Yang namanya kelenteng pasti identik dengan nuansa merah dan emas, patung dewa-dewi, patung singa, patung naga, sesaji, pohon bambu, lukisan matahari, bau-bauan hio, dan lainnya. detikTravel pernah beberapa kali menyambangi tempat ini.

Saat pertama memasuki halaman kelenteng, bau hio sudah mulai menyengat di hidung. Traveler akan disambut dua patung singa bercat emas yang duduk di sisi kanan dan kiri yang bersanding dengan dua tungku pembakaran hio, tepat di pintu masuk kelenteng.
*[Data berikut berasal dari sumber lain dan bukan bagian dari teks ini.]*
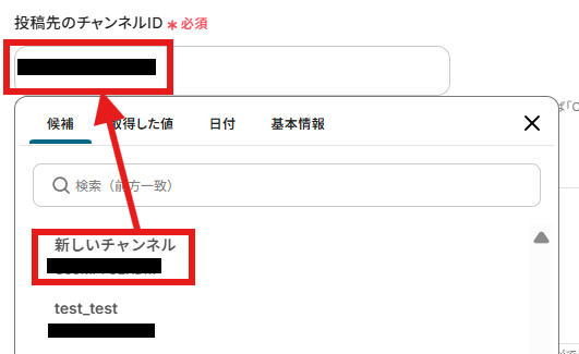 設定画面上の注釈を確認したのち、投稿先のチャンネルIDを候補から選択します。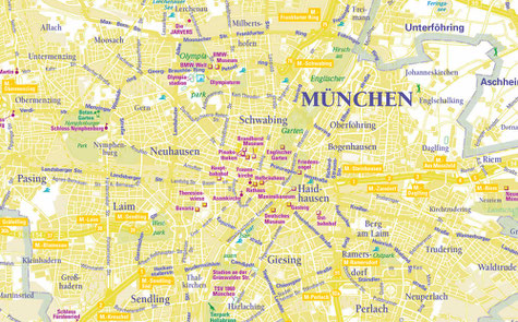 München als Übersichtskarte an der Wand mit mehr oder weniger Inhalt. Hier mit den wichtigsten Straßennamen, Stadtteilen und Sehenswürdigkeiten.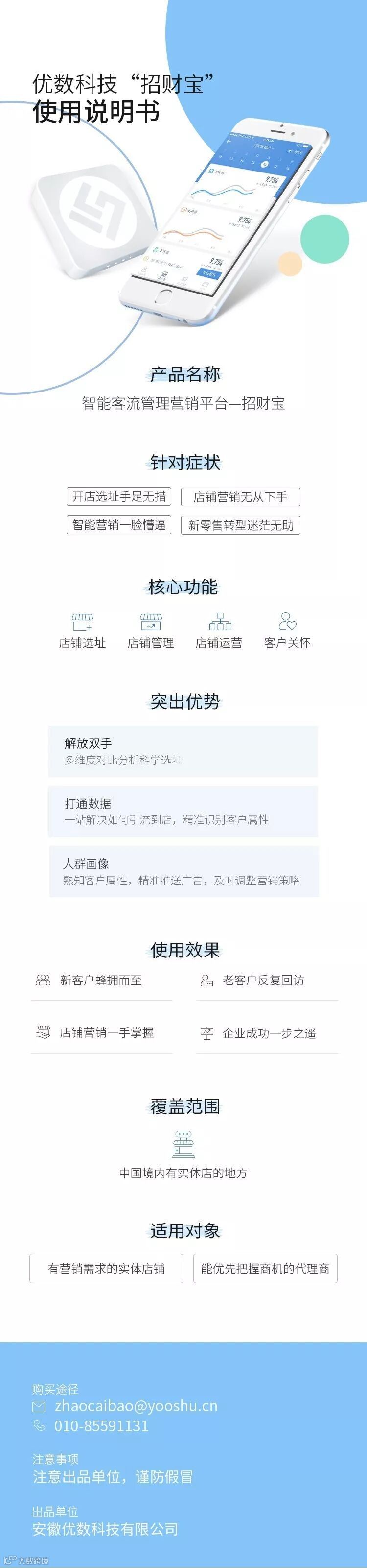 招财宝——智能客流管理营销平台,通过数据收集设备招财喵,实时采集线下数据,与线上数据进行打通,为实体店铺提供一站式运营管理服务。

Di halaman kelenteng juga ditanami pohon bambu yang menyejukkan kelenteng.

Jangan segan juga kalau traveler ingin masuk ke ruang utama yang menjadi tempat sembahyang. Semakin ke dalam ruangan terlihat gelap dengan pemandangan patung dewa-dewi, lilin, hio, sesaji, dan benda-benda lain khas kelenteng. Tapi jangan sampai merusak dan menggangu orang yang sedang sembahyang ya!

Kelenteng ini biasanya ramai didatangi umat yang akan sembahyang di hari Sabtu dan Minggu. Kalau hari biasa, kadang-kadang sepulang belanja mereka suka mampir ke kelenteng untuk berdoa kepada dewa.

Kalau ingin tahu tentang seluk beluk kelenteng, biasanya ada penjaga yang akan memberi tahu sejarah dan diajak jalan-jalan keliling kelenteng kepada wisatawan. Kelenteng ini tak cuma sebagai rumah ibadah saja, setiap hari ada saja orang-orang yang berkumpul santai di halaman belakang kelenteng. Selain itu ada balai pengobatan yang dibuka untuk umum.

Setiap setahun sekali menjelang Tahun Baru Imlek, kelenteng ini juga mengadakan perayaan yang disebut dengan perayaan Cap Go Meh se-Kota Bogor. Cap Go Meh dirayakan tanggal 15 di Tahun Baru China, yang berarti menutupnya segala perayaan selama Tahun Baru.

Kelenteng mulai ramai dengan para umat yang senang menyambut datangnya hari besar itu. Patung dewa-dewi mulai dimandikan, juga kelenteng mulai dibersihkan dan didekorasi. Kelenteng ini juga menjadi pusat budaya orang Bogor yang akan merayakan Cap Go Meh.

Banyak atraksi budaya China yang menjadi tontonan unik dan meriah. Selain atraksi budaya China, kelenteng ini juga menggandeng kesenian tradisional Sunda dalam meramaikan perayaan Cap Go Meh. Semua atraksi yang akam diarak dipusatkan di Kelenteng Hok Tek Bio.

Rute Cap Go Meh di Bogor dimulai dari kelenteng, melewati Jl Suryakencana dan berakhir di Pulo Geulis. Wisatawan tumpah ruah menantikan arak-arakan pertunjukan di sepanjang jalur yang dilalui.

Istimewanya di kawasan kelenteng tersebut banyak berjejer penjaja kuliner paling lezat seantero Bogor. Kalau traveler suka chineese food, di sinilah pusatnya. Tinggal pilih saja resto sesuai selera, sebab semua makanan di sana enak-enak. Kalau minta menu halal juga ada.

Kalau ingin menjajal street food langkahkan kaki Anda di Gang Aut. Street food martabak, serabi, asinan, lumpia basah, sagu, bakso, bir pletok, dan aneka street food unik lain. Lengkap dan lezat!

Kalau jalan-jalan ke Kelenteng Hok Tek Bio, pulangnya tak cuma dapat cerita sejarah orang-orang Tionghoa yang berdomisili di Bogor. Tetapi juga, traveler kenyang makan sepuasnya di sepanjang Jl Suryakencana.